Ich ertappe mich selbst dabei, wie ich manchmal jemandem schreibe, weil ich etwas brauche.
Dann halte ich kurz inne und ergänze wenigstens das, was ehrlich dazugehört:
- „Hi, ich weiß, ich melde mich selten. Wie geht es dir? Und: Ich hätte eine Frage…“
Oder ich überlege:
Muss diese Person das wirklich sein?
Oder traue ich mich nur nicht, woanders anzuklopfen – bei einer Stelle, die eigentlich zuständig wäre?
3. Ich suche mir Räume, in denen ich nichts leisten muss.
Menschen, bei denen ich auch sein darf, wenn ich gerade nichts zu geben habe.
Gespräche, die nicht in „kannst du mal“ enden.
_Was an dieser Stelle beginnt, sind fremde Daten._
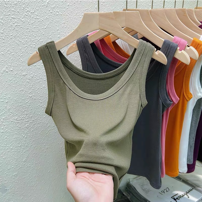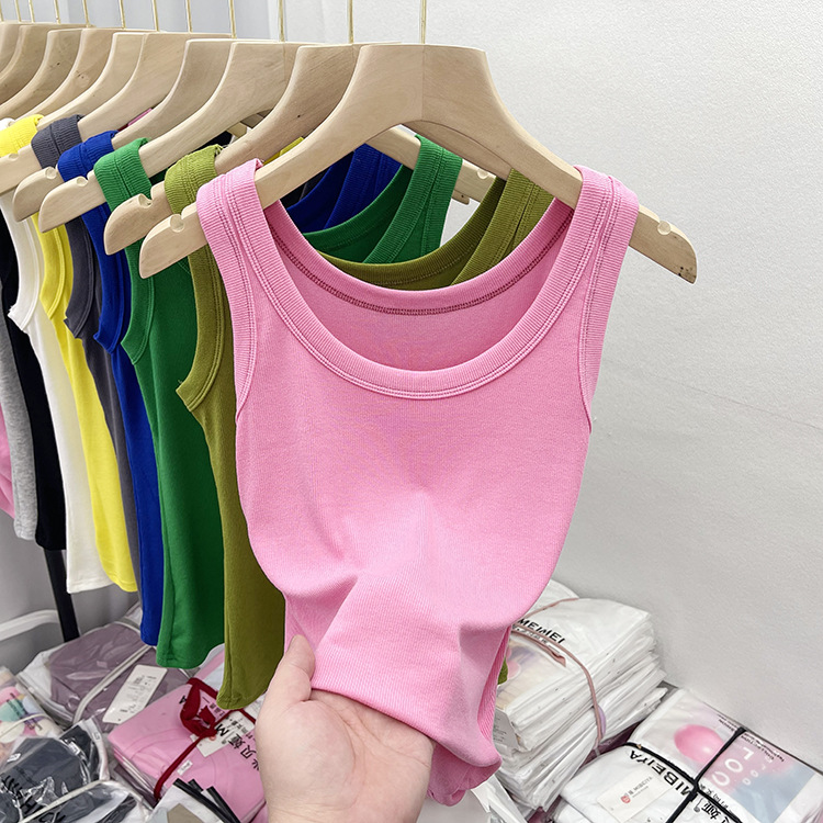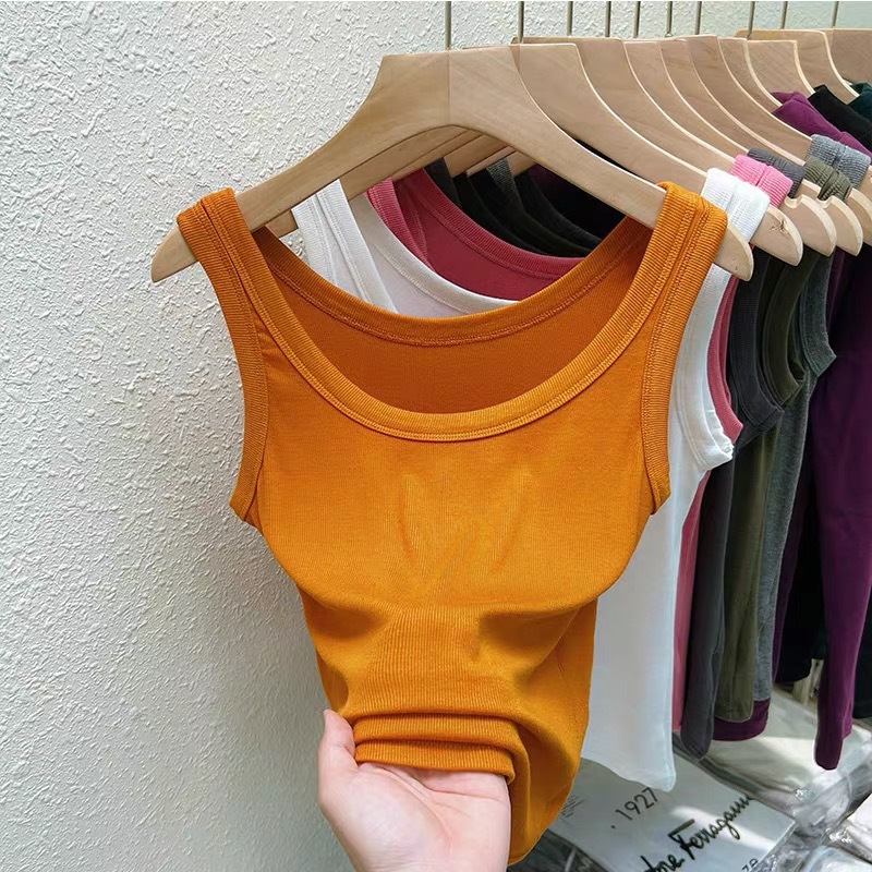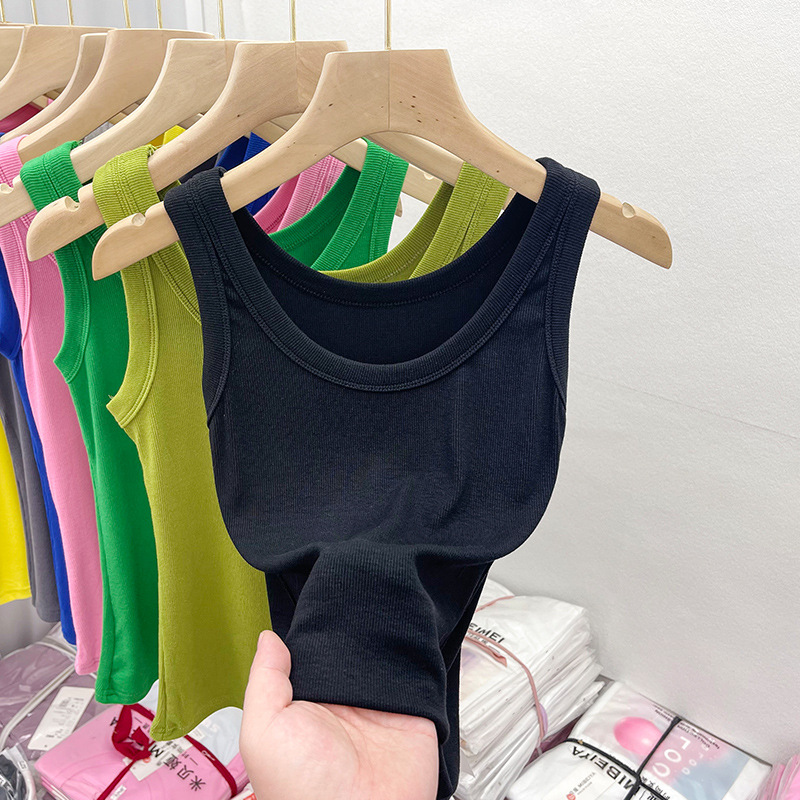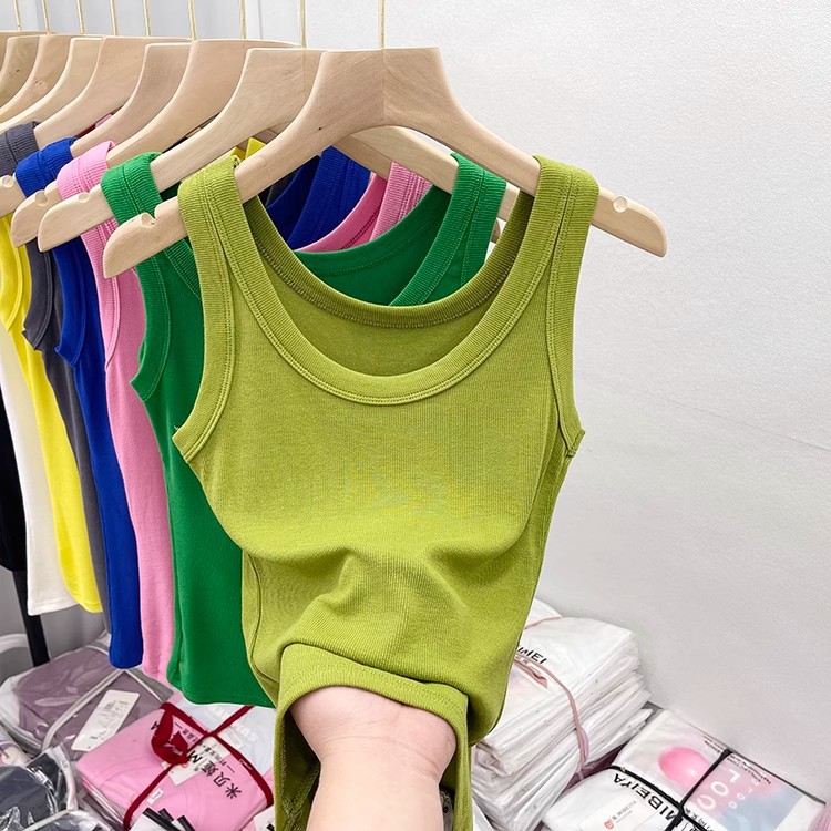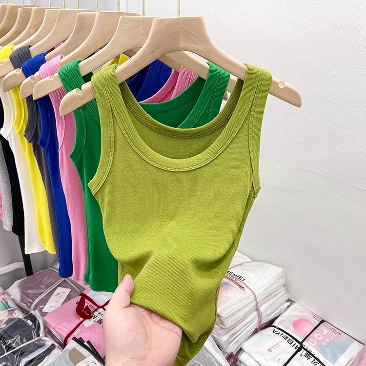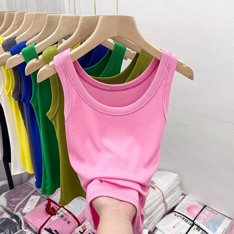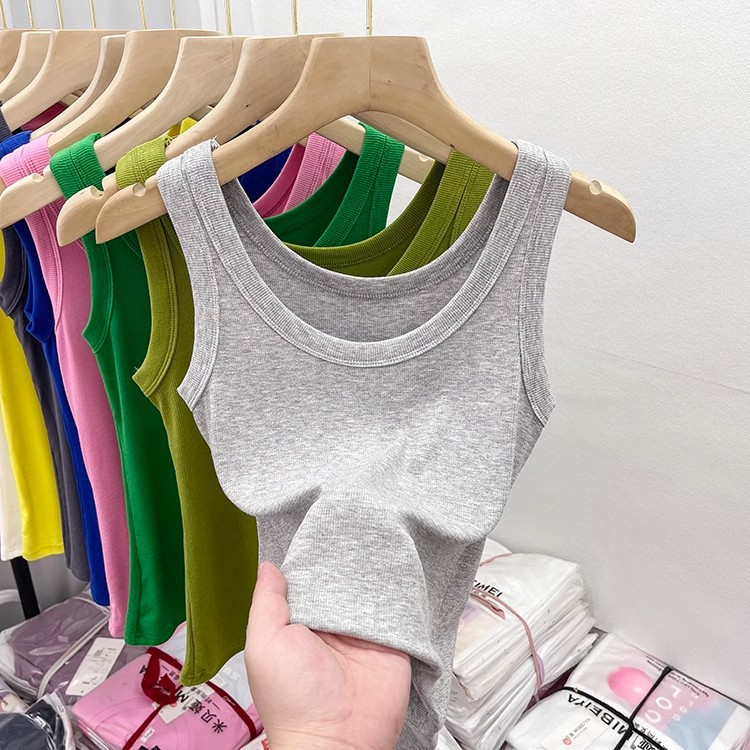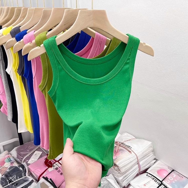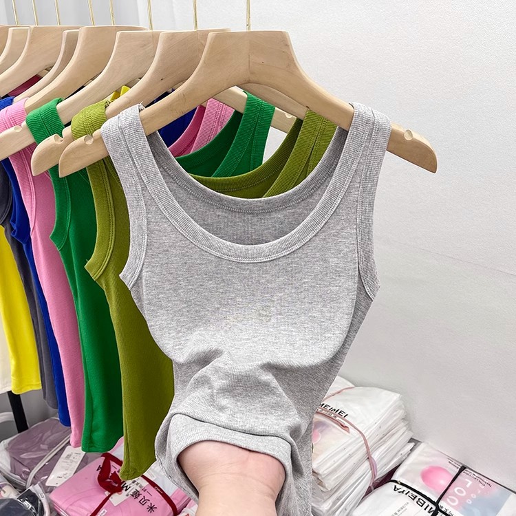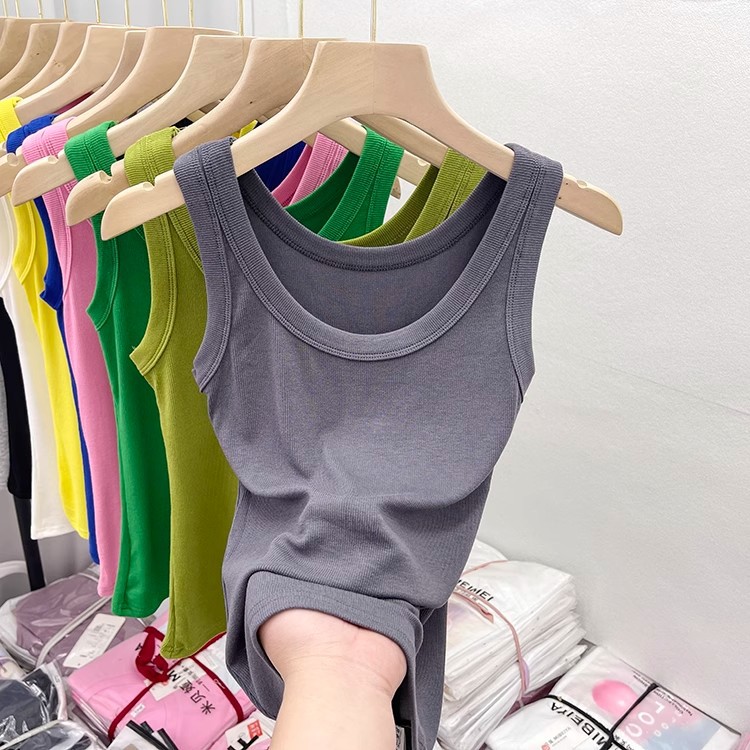 여름 아우터로 입기 좋은 클라인 블루 스레드 캐미솔과 트렌디한 노출 방지 민소매 슬림핏 탑
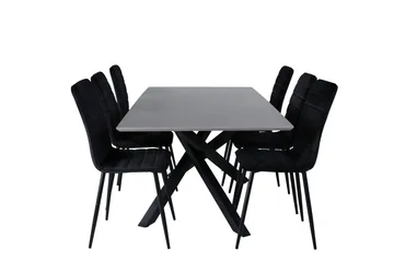 Leif Matgrupp 200 cm Rektangulär med 6 Velvet stolar, Svart
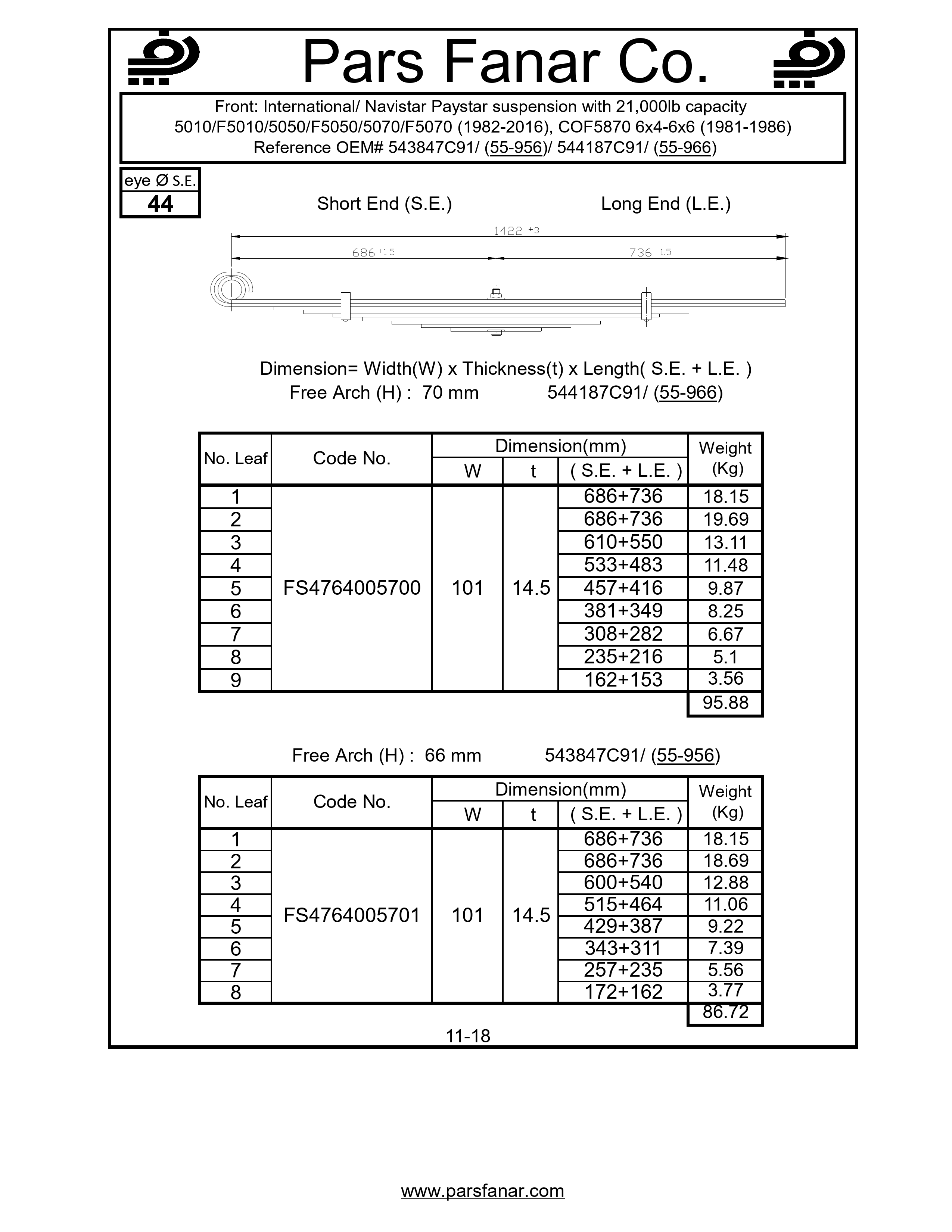 | Name of the vehicle/cabin/trailer | 000lb capacity 5010/F5010/5050/F5050/5070/F5070 (1982-2016), COF5870 6×4-6×6 (1981-1986), International/Navistar Paystar suspension with 21 |
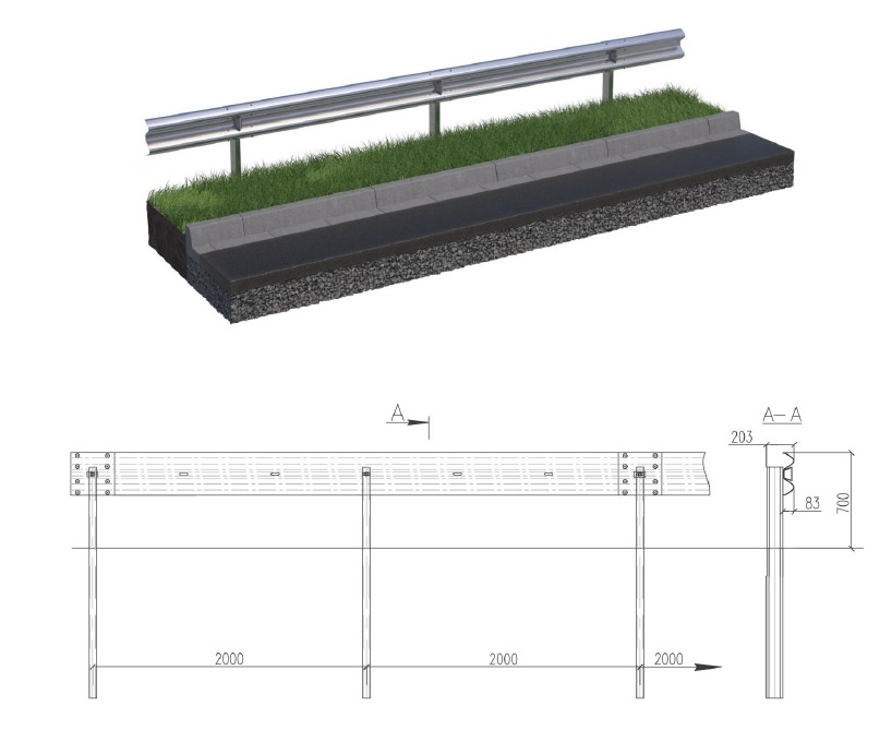 Gutman H2-W4 1225 (11 ДО-280-0,75-2,0-1,1) - дорожнє огородження для безпеки дорожнього руху класу H2 (ДСТУ Б В.2.3-12-2004, ДСТУ EN 1317 та міжнародний стандарт UNI EN ISO 1317) для встановлення вздовж дорожнього полотна на стовпи, вбиті у землю.

Momente, in denen niemand etwas von mir will.
Das sind die Verbindungen, die mir zeigen:
Ich existiere, auch wenn ich gerade nicht nützlich bin.
Eine Einladung an dich (und uns alle)
Vielleicht magst du einmal still für dich prüfen:
- Gibt es Menschen, bei denen du dich nur meldest, wenn du etwas brauchst?
- Gibt es Menschen, die sich bei dir nur dann melden?
- Wie würde es aussehen, wenn du bei einer Person in deinem Leben diese Woche ohne Anliegen anklopfst – einfach nur, um zu fragen, wie es ihr geht?
Das löst nicht das große gesellschaftliche Problem.
Aber irgendwo müssen wir anfangen, dieses Muster zu durchbrechen.
Vielleicht genau da, wo wir das nächste Mal eine Nachricht schreiben –
und uns fragen, ob der Mensch dahinter mehr ist als sein Nutzen für uns.